I’ve previously written about this key limitation of large language models (now also present in these digital agents, and even in physical robots like PSC or the upcoming Tesla bot) and I don’t see how we could overcome it.
The only solution I see is to design and develop these AI systems like we teach and educate children. They’d need to grow up in the world and interact with it to interiorize all the knowledge they’re missing. Another option is to limit their scope to any task that wouldn’t require context, but that’s probably too restrictive for them to be useful. We’ll have to wait to see if I’m wrong here and there’s another way.
Conclusions
Adept has begun the ambitious quest to build AI agents that can act in the world. Like OpenAI, DeepMind, or Google, it has daunting challenges ahead to develop AI that’s not only very capable, but reliable.
Adept’s vision and goals reinforce the importance of prompt programming as a new software paradigm to communicate with AI systems and computers in general. They also reveal the advantages over traditional HCIs, like programming languages, and the seemingly insurmountable limitations.
All in all, Adept is definitely a company worth keeping an eye on. The first Action Transformer, ACT-1, opens a promising line of research that will give a lot to talk about in the coming months/years.

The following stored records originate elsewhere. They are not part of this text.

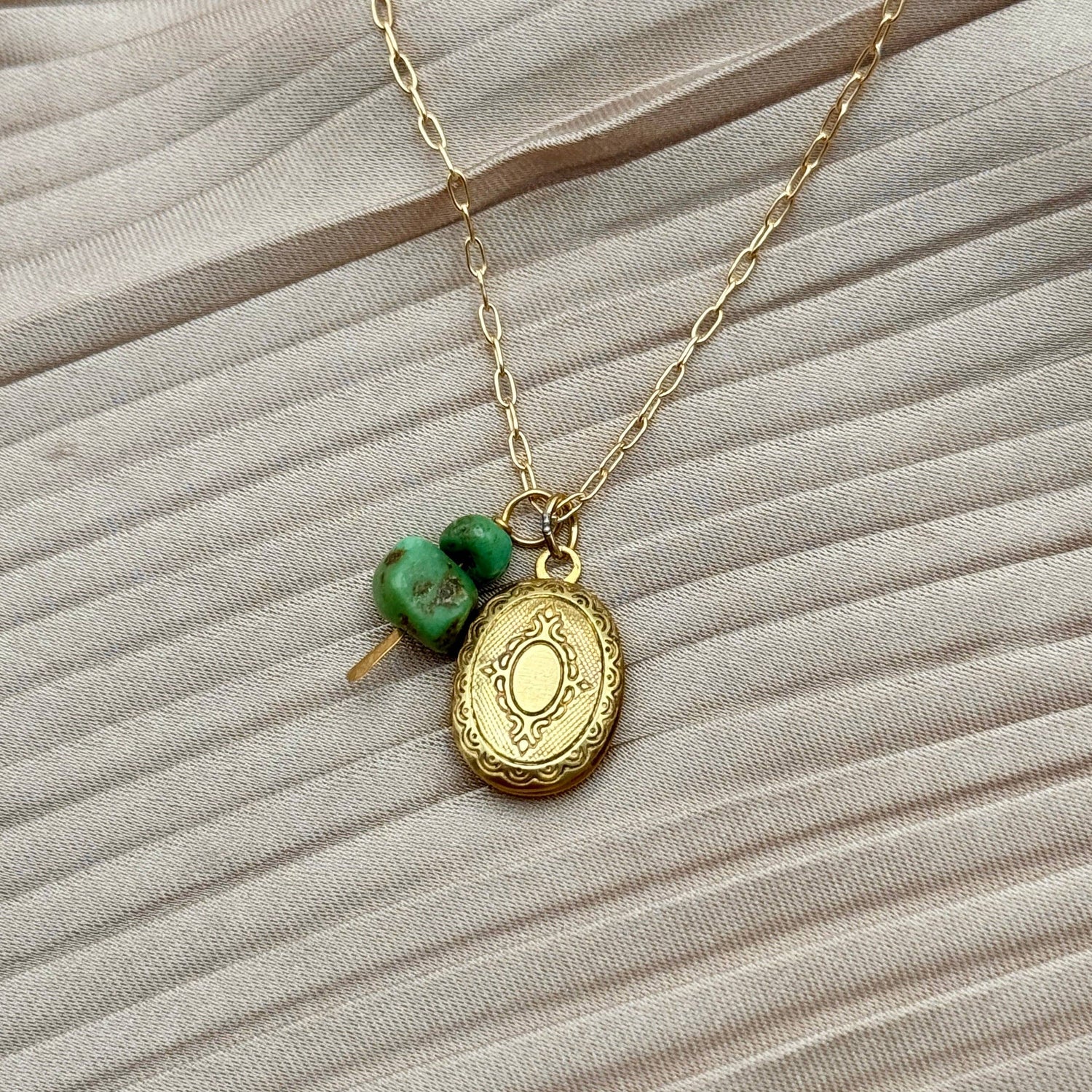 The Capsule Necklace features a detailed locket—available in small or large—paired with natural turquoise chip beads- designed to hold a secret, a memory, or a tiny treasure. Hanging freely on a sterling silver or 14k gold fill chain.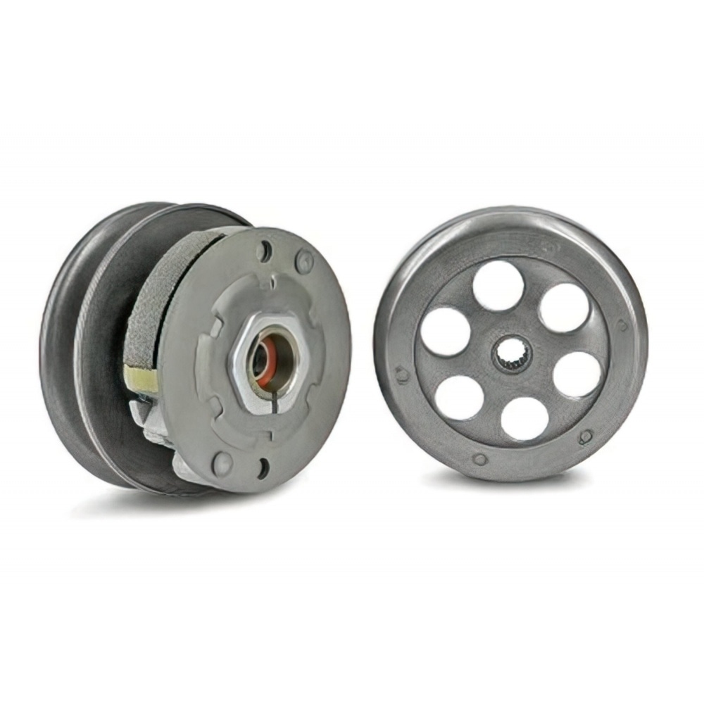 Rear Pulley complete with torque drive, clutch + clutcg bell for Minarelli before 1998 (with 105mm clutch). The pulley unit is identical to the stock part, just remove old pulleys and clutch, install this one, and you're good to. Good solution if you do not know which part of the pulley / clutch is not working properly. It saves you money to replace the entire unit, not just the individual components.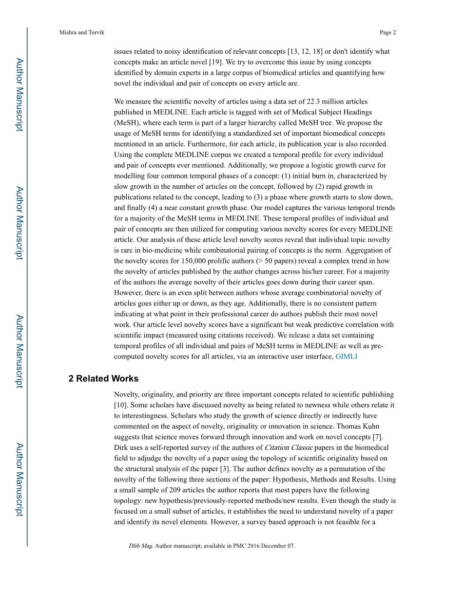 我们认为,在发布之时,它应该是可衡量的,而任何想法的价值和影响都反映了发布后(长时间)发生的事情。文章新颖性的量化度量可以帮助学者追踪科学中概念的起源。先前,学者们使用了各种方法,用于测量物品的新颖性和研究了其影响,以及与协作模式的相关性19,13,12,18 ]。学者也认为,新颖性在科学的发展中起着重要的作用[ 19 ],同时坚持认为新颖的文章很少见[ 19 ],并且可能在早期[ 11 ]并没有引起足够的重视。16 ]。此外,新颖性也被认为是新的想法[13,12,18]或现有想法的非传统配对[19]。我们试图通过在大量生物医学文章中使用领域专家识别的概念,并量化每一篇文章中的个体和一对概念的新颖性,来克服这个问题。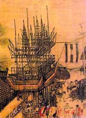 在“大千脚店”附近有一座特别的建筑,像哥特式教堂一样冲天而立,这种建筑叫“彩楼欢门”。“彩楼欢门”是两宋时代流行的店面装饰, 或是用彩帛、彩纸 等所扎而成的门楼,或者是用木质杆件绑缚而成阁楼形状,以壮声势。这种结构在画中还有几处,比如“孙羊正店”门前就有巨大的“彩楼欢门”。南宋后期,“彩 楼欢门”销声匿迹,究其原因,可能是南宋后期连年战争使都城临安的经济不再能支撑“彩楼欢门”这种奢华而容易损坏的店面装饰形式;也可能是这种店面装饰习 俗逐渐被其他做法所取代。

Alberto - another great piece that soundly balances hope and hype. As someone in the enterprise tech space, I am intrigued by this potential product. It is a very clever way to layer NLP on top of billions of dollars of existing software investments. It will be interesting for Adept to release more details on the state of ACT-1. The demos are slick but there is no further evidence of capability. I’m also curious how the model was trained. I agree that there are challenges to creating an NLP that can handle every user intent for an Excel spreadsheet. But I could see where it could still be highly effective. I’m guessing that a lot of spreadsheet use follows a Pareto distribution. A small number of capabilities like highlighting, or creating a profit column, likely make up a disproportionate volume of user activities. Just solving for those use cases could provide significant lift.
Great article, Alberto, even though I read it only now, it's still relevant. Are there any updates? Have you come up with more possible solutions to build such AI agents?